I have a list courses_per_semester that looks like this:
[[['CS105', 'ENG101', 'MATH101', 'GER'], ['ENG102', 'CS230', 'MATH120', 'GER'], ['CS205', 'FREE'], ['GER'], ['CS106', 'CS215', 'CS107', 'ENG204'], ['GER', 'MATH220', 'CS300', 'CS206'], ['CS306', 'GER'], ['FREE'], ['CS312', 'CS450', 'GER', 'CS321', 'FREE'], ['CS325', 'GER', 'CS322', 'MAJOR'], ['CS310', 'STAT205'], [''], ['CS443', 'CS412', 'CS421', 'GER'], ['CS444', 'FREE', 'FREE', ''], ['', '']], [['CS105', 'ENG101', 'MATH101', 'GER'], ['ENG102', 'CS230', 'MATH120', 'GER'], ['CS205', 'FREE'], ['GER'], ['CS106', 'CS215', 'CS107', 'ENG204'], ['GER', 'MATH220', 'CS300', 'CS206'], ['CS306', 'GER'], ['FREE'], ['CS312', 'CS450', 'GER', 'CS321', 'FREE'], ['CS325', 'GER', 'CS322', 'MAJOR'], ['CS310', 'STAT205'], [''], ['CS443', 'CS412', 'CS421', 'GER'], ['CS444', 'FREE', 'FREE', ''], ['', '']], [['CS105', 'ENG101', 'MATH101', 'GER'], ['ENG102', 'CS230', 'MATH120', 'GER'], ['CS205', 'FREE'], ['GER'], ['CS106', 'CS215', 'CS107', 'ENG204'], ['GER', 'MATH220', 'CS300', 'CS206'], ['CS306', 'GER'], ['FREE'], ['CS312', 'CS450', 'GER', 'CS321', 'FREE'], ['CS325', 'GER', 'CS322', 'MAJOR'], ['CS310', 'STAT205'], [''], ['CS443', 'CS412', 'CS421', 'GER'], ['CS444', 'FREE', 'FREE', ''], ['', '']], [['CS105', 'ENG101', 'MATH101', 'GER'], ['ENG102', 'CS230', 'MATH120', 'GER'], ['CS205', 'FREE'], ['GER'], ['CS106', 'CS215', 'CS107', 'ENG204'], ['GER', 'MATH220', 'CS300', 'CS206'], ['CS306', 'GER'], ['FREE'], ['CS312', 'CS450', 'GER', 'CS321', 'FREE'], ['CS325', 'GER', 'CS322', 'MAJOR'], ['CS310', 'STAT205'], [''], ['CS443', 'CS412', 'CS421', 'GER'], ['CS444', 'FREE', 'FREE', ''], ['', '']], [['CS105', 'ENG101', 'GER', 'GER'], ['ENG102', 'CS230', 'MATH120', 'GER'], ['CS205', 'FREE'], ['GER'], ['CS106', 'CS215', 'CS107', 'ENG204'], ['GER', 'MATH220', 'CS300', 'CS206'], ['CS306', 'GER'], ['FREE'], ['CS312', 'CS450', 'GER', 'CS321', 'FREE'], ['CS325', 'GER', 'CS322', 'MAJOR'], ['CS310', 'STAT205'], [''], ['CS443', 'CS412', 'CS421', 'GER'], ['CS444', 'FREE', 'FREE', ''], ['', '']],...]

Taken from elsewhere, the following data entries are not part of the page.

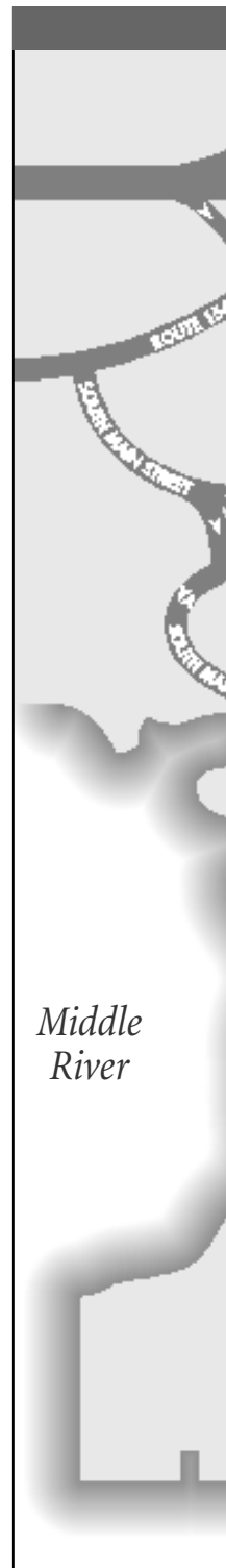
*Volunteer parking with shuttle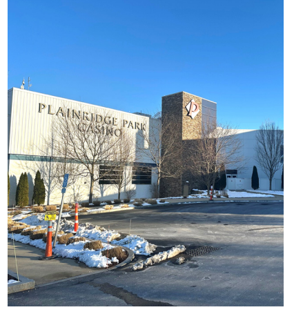
Plainridge Park Casino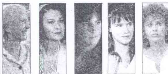
Tandy "Fried Green Tomatoes" Ladd "Rambling Rose" Ruehl "The Fisher King" Lewis "Cape Fear" Nelligan "Prince of Tides"

Nominees: Diane Ladd for "Rambling Rose" (third nomination); Juliette Lewis for "Cape Fear" (first nomination); Kate Nelligan for "The Prince of Tides" (first nomination); Mercedes Ruehl for "The Fisher King" (first nomination); Jessica Tandy for "Fried Green Tomatoes" (second nomination, won Best Actress Oscar in 1989 for "Driving Miss Daisy").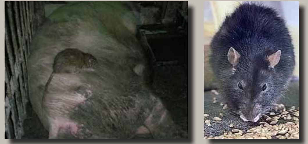
A rat will eat 15 grams/day so 1000 rats will eat over 5 tonne/year.

In Summary, There are lots of things that can be controlled on our pig farms to improve sanitation, feed and animal security. I always suggest securing and protecting what goes into your barn because you cannot protect what goes on outside the barn in your yard. Birds, rats, skunks, coons, blowing snow, and winds carrying disease etc, cannot be controlled. Changing coveralls, boots and washing hands before entering barns are shown to be very effective biosecurity methods. Keeping feed uncontaminated and clean will cut the risks of attracting rodents and acquiring something in your barn. Just plain old keeping things clean and enjoying working in a clean environment can improve your attitude, your staff's attitude and help improve your animals immune system with clean air and overall environment. Enjoy the festive season and the winter fun times, thank you.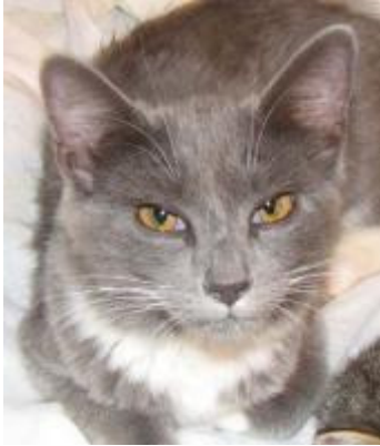
#282 Anastasia-Fostered (Domestic Short Hair - gray and white)

“Gosh, I just don't know where in the world all these cats are coming from! There are so many here, and they just keep bringing them in. I sure hope I'm one of the lucky ones who get adopted cause I'm really sweet and I want a family of my own so very badly.”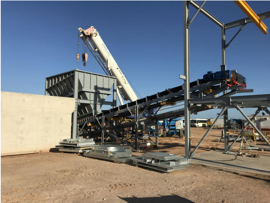
Figure 6 | ROM Feed Bin and Transfer Station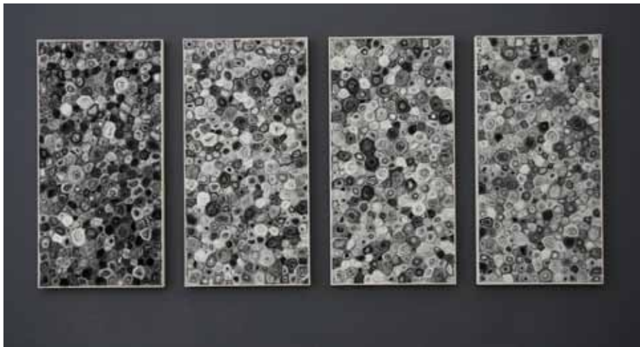
PETOSKEY 2010 | cotton (recycled), sumi ink on birch panel, set of 4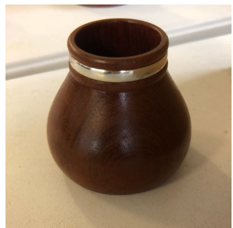
Cliff Walsh showed us a bowl from Cotoneaster and a hollow form from Red Cedar with an Aluminium ring, both finished with Acrylic

Val showed us some hollow for pieces and a lidded container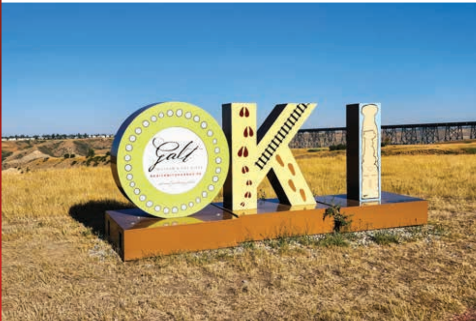
Above: The Oki sign outside the Museum.

So each list is a course path till graduation that a student has taken and each sublist is the combination of courses each student has taken. I have 1500 students and I want to create a new list with all the unique combinations of each sublist. To be more precise I want to check if for example courses_per_semester[0][0] is same with courses_per_semester[1][0],courses_per_semester[2][0] ,...,courses_per_semester[1500][0]. Then do the same for second sublist of each list. Each time the code finds a unique sublist I want the combination to be put in a new list, for example the first_sublist_combinations. But the most important is that if one student has this combination ['CS105', 'ENG101', 'MATH101', 'GER'] and another student this one ['CS105', 'MATH101', 'GER','ENG101'] then I want the code to consider them the same. Not to place them as different. So I do not care for the order. So the first_sublist_combination will take ['CS105', 'ENG101', 'MATH101', 'GER'] only once and not ['CS105', 'ENG101', 'MATH101', 'GER'] AND ['CS105', 'MATH101', 'GER','ENG101']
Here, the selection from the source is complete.